I shivered a bit. Didn’t want to know if he was involved in this, either. Or at least I didn’t want it to be true.

“Daisy, baby!” Mom hurried over to the shore, a pair of clean, dry towels over her arm. “Are you cold? I brought towels.”

“I’m fine.” It was true; I didn’t have a drop of water on me.


You’re
not.” Since Mom couldn’t fuss over me, she fussed over Lurine, who bore it with amused fondness. “Look at that muck! You don’t want to get it all over your pretty sundress.” Picking up Lurine’s discarded dress, she eyed it critically, examining the seams. “Is this a Marc Jacobs? Because you know I could make it for you at a fraction of the price with twice the workmanship.”

“It’s from last season. Don’t worry about it.” Having wiped the river water and clinging bits of rotten plant matter and other unidentified muck from her legs, Lurine held out her hand. Mom hesitated. “Okay, fine. Let’s talk about a commission, but
not
at a fraction of the price.
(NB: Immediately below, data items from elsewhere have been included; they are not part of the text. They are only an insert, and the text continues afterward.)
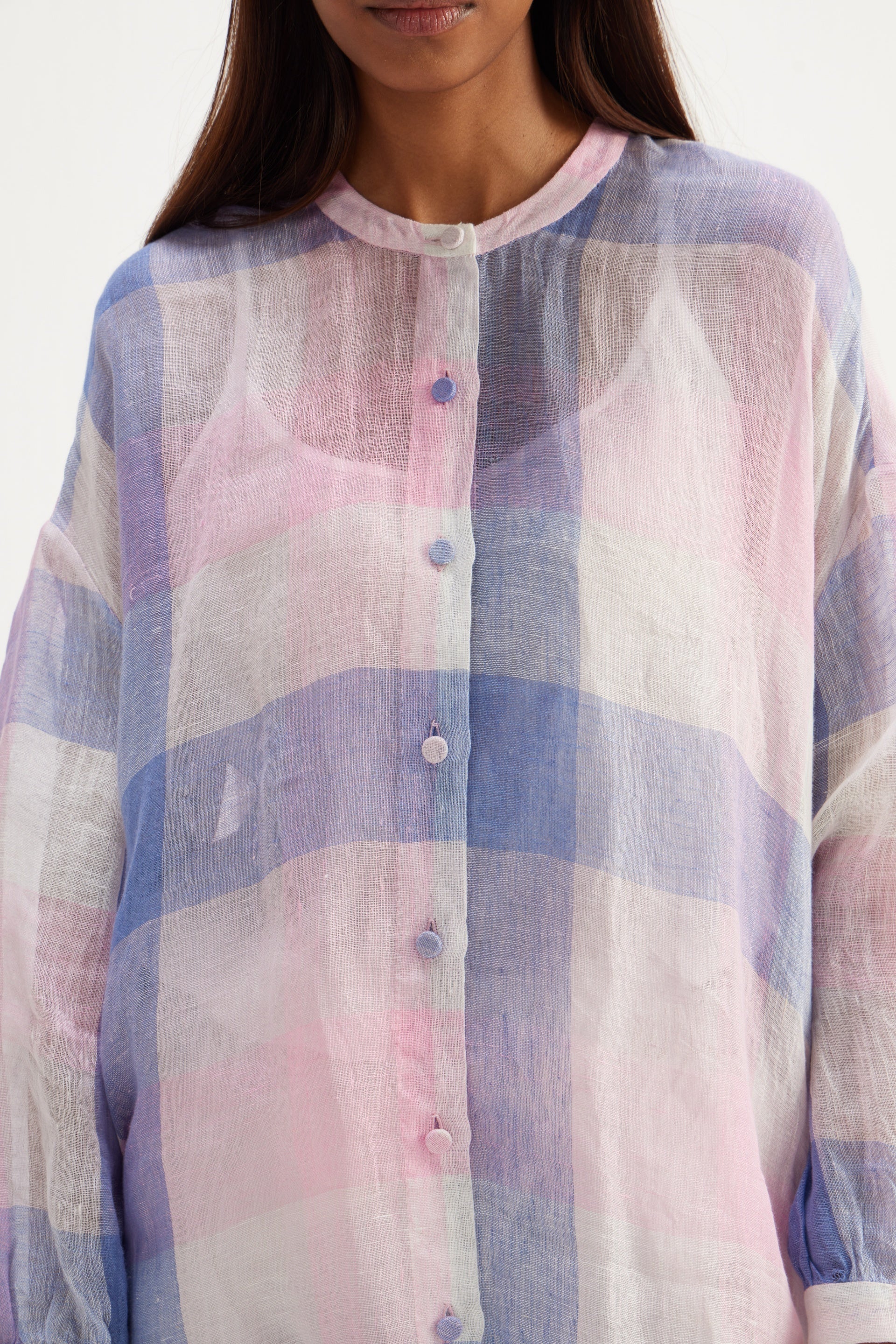 Midi length front open checked shirt dress . Comes with seperate lining.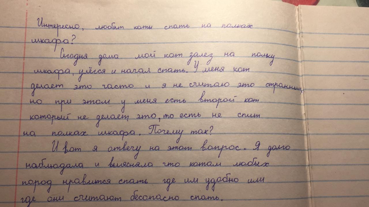 10 - Заметка Беловой Маши "Интересно, любят ли коты спать на полках шкафа?":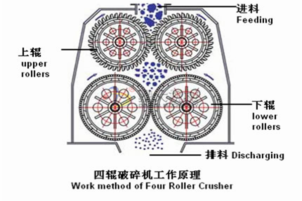 四輥破碎機(jī)是由四個(gè)平行裝置并繞本身水平軸轉(zhuǎn)動(dòng)的圓柱形輥?zhàn)咏M成,由于輥?zhàn)拥霓D(zhuǎn)動(dòng)將物料卷入兩輥的縫隙內(nèi),使物料受壓和研磨而被破碎。

I don’t want to have this fight again. Can I get dressed now?”

“Yes, please!” Gus’s voice boomed in answer. He was still standing sentry duty, now with his massive back pointedly turned and a ham-size hand shielding his eyes. As it happened, the ogre was a gentleman. “Can she get dressed?”

“Hey, Gus! Can we come out now?” someone called from one of the mobile units, peering cautiously through the curtains. “I’ve got hungry kids and burgers turning to charcoal on the grill.”

I laughed.

Nothing was funny, not really. It was just that the absurdity of the exchange in the midst of some very scary and ominous goings-on reminded me that I loved this place and these people.
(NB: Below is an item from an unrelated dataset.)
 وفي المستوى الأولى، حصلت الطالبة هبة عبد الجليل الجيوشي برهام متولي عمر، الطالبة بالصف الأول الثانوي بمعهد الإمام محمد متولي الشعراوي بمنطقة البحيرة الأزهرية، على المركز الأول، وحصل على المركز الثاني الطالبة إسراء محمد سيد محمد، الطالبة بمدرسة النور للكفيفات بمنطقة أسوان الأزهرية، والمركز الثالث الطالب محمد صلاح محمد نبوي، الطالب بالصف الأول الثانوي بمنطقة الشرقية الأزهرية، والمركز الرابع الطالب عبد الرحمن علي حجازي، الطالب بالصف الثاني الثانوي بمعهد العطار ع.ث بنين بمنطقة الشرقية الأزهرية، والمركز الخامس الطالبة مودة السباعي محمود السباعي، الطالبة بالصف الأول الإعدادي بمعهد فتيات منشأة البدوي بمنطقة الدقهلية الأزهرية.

“It’s okay, Gus.” I patted his arm, which unsurprisingly was a lot like patting a boulder. “They can come out now.”

“Do you have time for a cup of coffee, honey?” Mom asked me in a hopeful tone.

I shook my head. “I need to touch base with Cody.”
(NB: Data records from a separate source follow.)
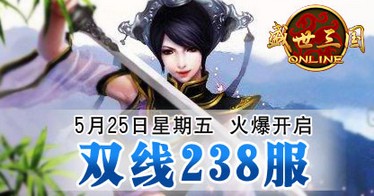 经过一系列的准备,《盛世三国》双线238服将于5月25日15:00震撼开启,与此同时,我们还为各位玩家准备了丰富的活动和好礼,助英雄们驰骋沙场!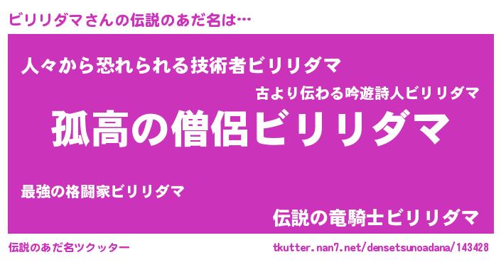 | ポケモン風あだ名 | 『ビリセウス』『メロビッリ』 |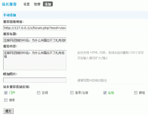 如果網站管理者想為社區就某一事件制造一個討論高潮,或者聯合商家舉辦一次搶樓、團購等活動推薦,那么“站長推薦”功能就可以派上用途。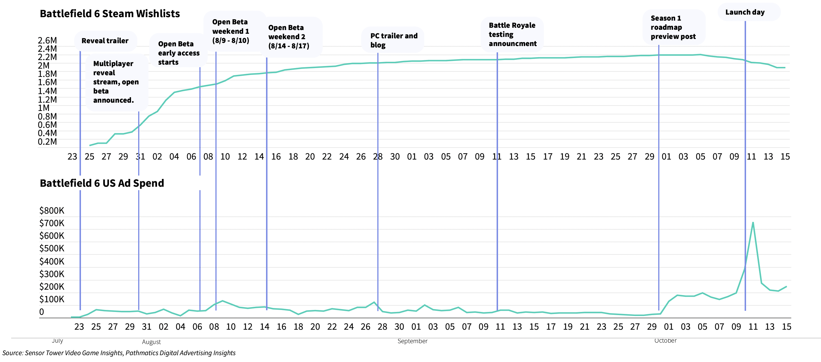 Zooming in on the current zeitgeist, Battlefield 6 ran what looks to be a flawless launch campaign, becoming the first legitimate challenge to Call of Duty in years. The reveal trailer showcased core Battlefield differentiators (battlefield scale, vehicles alongside infantry, and environmental destruction), activating the franchise audience. Next, was a viral content creator-fuelled open beta that delivered on gameplay. Cadence was strong, keeping audience attention from reveal to launch. Battlefield 6 soared from nothing to over 2 million Steam wishlists in a few short weeks, with advertising timed to marketing beats.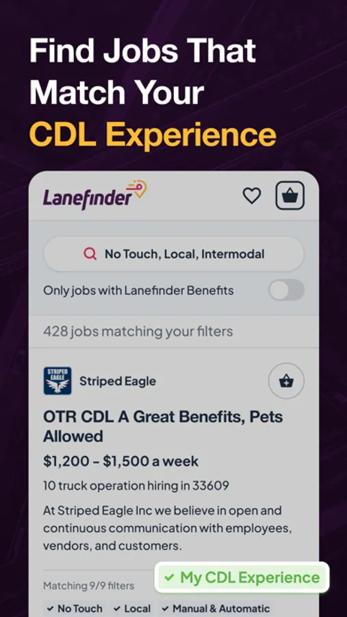 It doesn’t matter what kind of truck driver you are, or what kind of work you do. You deserve benefits. Pick any job on Lanefinder and get hired with benefits that are 100% paid-for by the employer and yours to keep - even between jobs.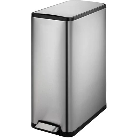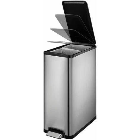 The matte silver 40 L Ecoslim step bin from EKO is a stylish rubbish bin with two 20 L plastic inner buckets for waste separation.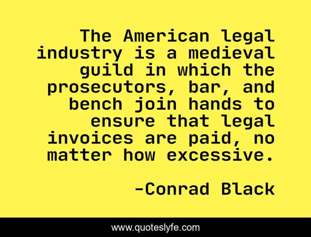 This page presents the quote "The American legal industry is a medieval guild in which the prosecutors, bar, and bench join hands to ensure that legal invoices are paid, no matter how excessive.". Author of this quote is Conrad Black. This quote is about matter, american, hands,.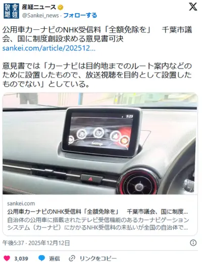 公用車カーナビのNHK受信料「全額免除を」 千葉市議会、国に制度創設求める意見書可決

She did her best to look crafty. “Oh, of course.”

Lurine took my mom’s arm in hers. “If it’s no trouble, I’d love a cup of coffee, Marja. We can talk clothes.” She glanced at me, her gaze light, masking her concern. “Don’t worry about me, cupcake. I’ll call my driver to pick me up.”

“Okay.”

In my car, I slid my phone from my purse. No reply from Jen—oh, well. The ball was in her court now. Suppressing the tiniest pang of guilt, I called Cody. He answered right away, sounding disgruntled. “What’s up, Pixy Stix?”

I cradled the phone against my ear. “No luck?”

“No,” he said shortly. “You?”

“Yeah.” I nodded. “And it’s a pretty major development. Do you want me to tell you, or do you want to meet?”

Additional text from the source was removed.